话音刚落,系着蓝布围裙的女人走了出来,一头利落短发,眉宇间都是爽利。
她一看见沈昭,脚步就钉在了地上。
脸皮微不可察地抽了一下,嘴角挤出一点弧度,“是沈知青呀,你找孩子爹?
他在茅厕拉屎,我给你叫去啊。”
说完也不管沈昭听没听见,转头就跑,一溜烟不见了身影。
那可是打人贼疼的沈知青。
她没跟沈昭打过太多交道,但是不妨碍她见过沈昭的丰功伟绩呀。
丢沙包那次,包括昨天的石头雨,她都参与了一份。
沈昭站在原地风中凌乱。
.....锅!你忘了你还在烧锅吗?
主人没在家,沈昭也不好闯进去,只好站在原地等。
过了几分钟。
刘大花回来了,身后还跟着边走边系裤腰带的谭友群。
“你急啥,我还没拉完。”
刘大花跺脚,张嘴就骂,“懒驴上磨屎尿多,一让你做事就拉屎,你怎么不干脆住茅厕去。”
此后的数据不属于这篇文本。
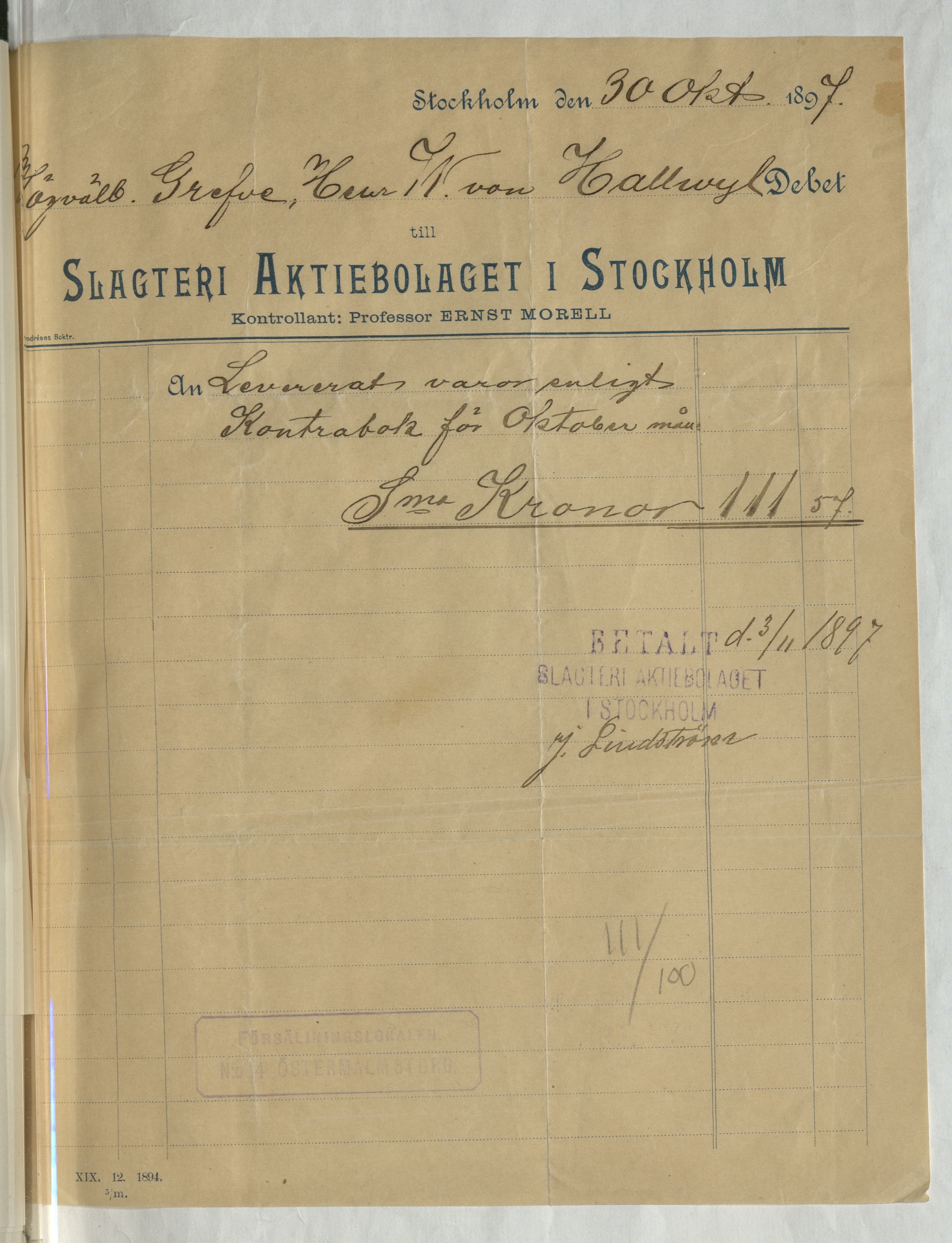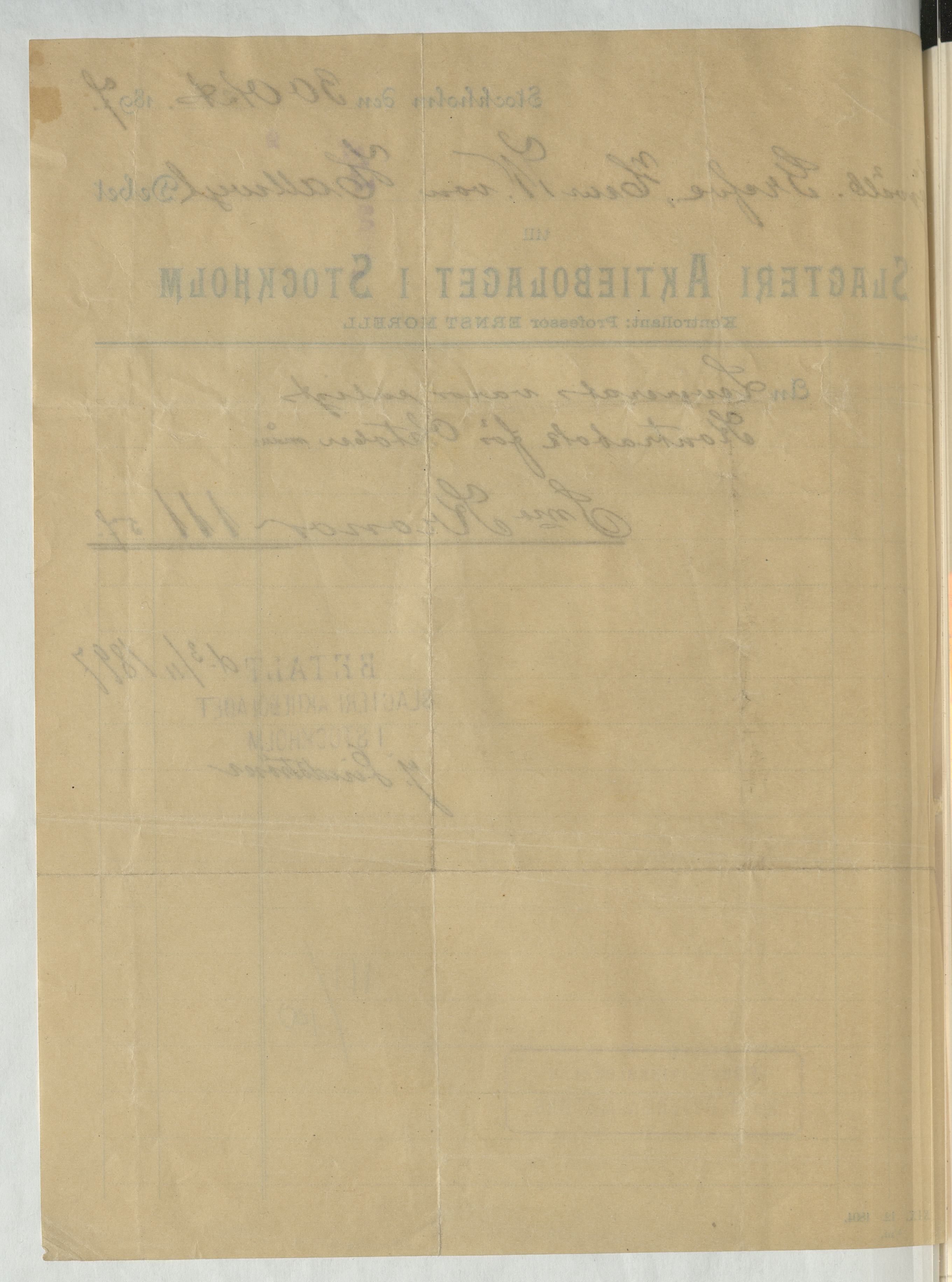 Kvitto från Slagteri Aktiebolaget i Stockholm

说完一抬头,对上沈昭又变了副脸色,张嘴刚要说话,就闻到空气中传来的糊味儿。
脸色一变,“妈耶,我锅里还煮着稀饭!”
忙不迭转身进屋了。
连声招呼都没来得及打。
沈昭看向谭友群,直接说明来意,“谭叔,我来找你定做点东西。”
谭友群对着沈昭脸皮抽了抽,挤出笑意,“可以,你想要什么?”
他其实跟沈昭接触的还算多。
毕竟她的桌椅板凳,木桶木盆全是自己做的,出手也大方爽快。
可以说,沈昭一个人的订单比他一年接得都多。
虽然收入是大队的,属于集体,但他是木匠,也能分一些。
家里的日子好过了很多。
就像现在,青黄不接的时候。
大队里大部分人家米缸都空了,整日不是烂红薯就是发芽的干巴洋芋,还得混合着山里的野菜。
粥水稀得正照出人影,才能勉强填饱肚子。
而自己家,可以吃冬寒菜稀饭。
所以,他倒不像大队里其他人那样害怕或者讨厌沈昭。
甚至....还挺喜欢。
财神爷,谁不喜欢是傻蛋。
“进来说吧。”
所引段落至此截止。